Whitman, Sebald, Lerner - the anxiety of influence

Good book group discussion last night on Ben Lerner's 10:04, a novel that is truly meant for discussion (and for book groups) as there's so much in it, the structure is so elusive, the mode so original, and the style so challenging. I was probably most in the rear guard, noting that although I loved some of the passages in the book and some of the passing observations I ultimately felt it was a very cold book, that I could not or at least did not know the characters, even the narrator, and that the novel was mostly about playing narrative tricks, evincing cleverness of "the author," and that the narrator was somewhat contemptuous of his readers - indicating on the one hand that he is a grand Whitmanesque force and that we are all of one consciousness, even across time and space, but on the other that this novel was a piece of work done because he got a big advance and needed the $ but didn't really care deeply about (I know this is half-true only). On the other extreme, BR absolutely loved 10:04 for its writerly beauty; RR loved it as well, found it virtually unique in style except for a possible comparison with Sebald. I picked up on Sebald as well, one of the great 20th century writers for sure, and note that Lerner pays him tribute even to the point of interpolated illustrations and photos: but think how Sebald would have handled this material differently.
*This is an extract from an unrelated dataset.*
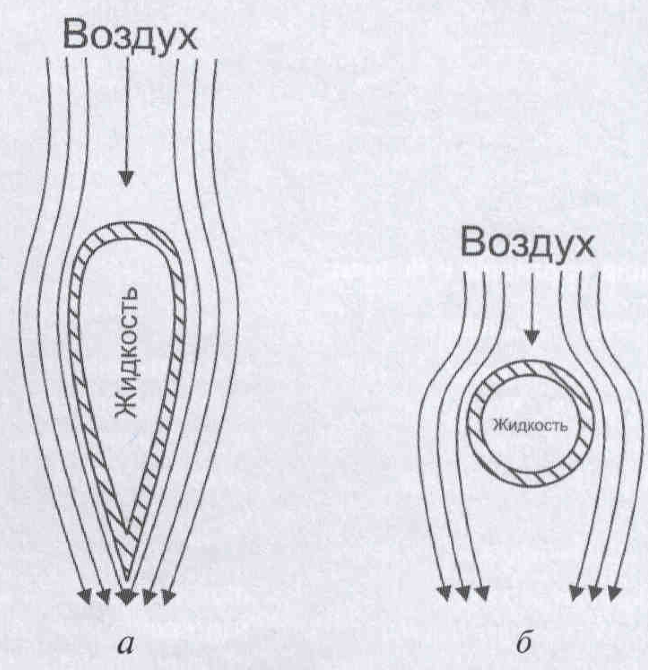 Рис. 1. Схема обтекания воздуха вокруг теплообменных элементов: а — труба каплеобразного сечения; б — труба круглого сечения

Sebald always looks at the present and sees history, usually lost history - no doubt he would have found the house where Whitman lived and note how it's been lost to time and urbanization, he would have stood beneath the Brooklyn Bridge and thought about what factories or shipyards used to be there 200 years ago, and so on. Not that Lerner is wrong to pursue his own course rather than another's, far from it. MK noted how 10:04 is imbued with death - fear of death, and actual death. A very dark novel to be sure - but with a lot of humor and much beauty, a novel not for everyone but a near-unique work of fiction.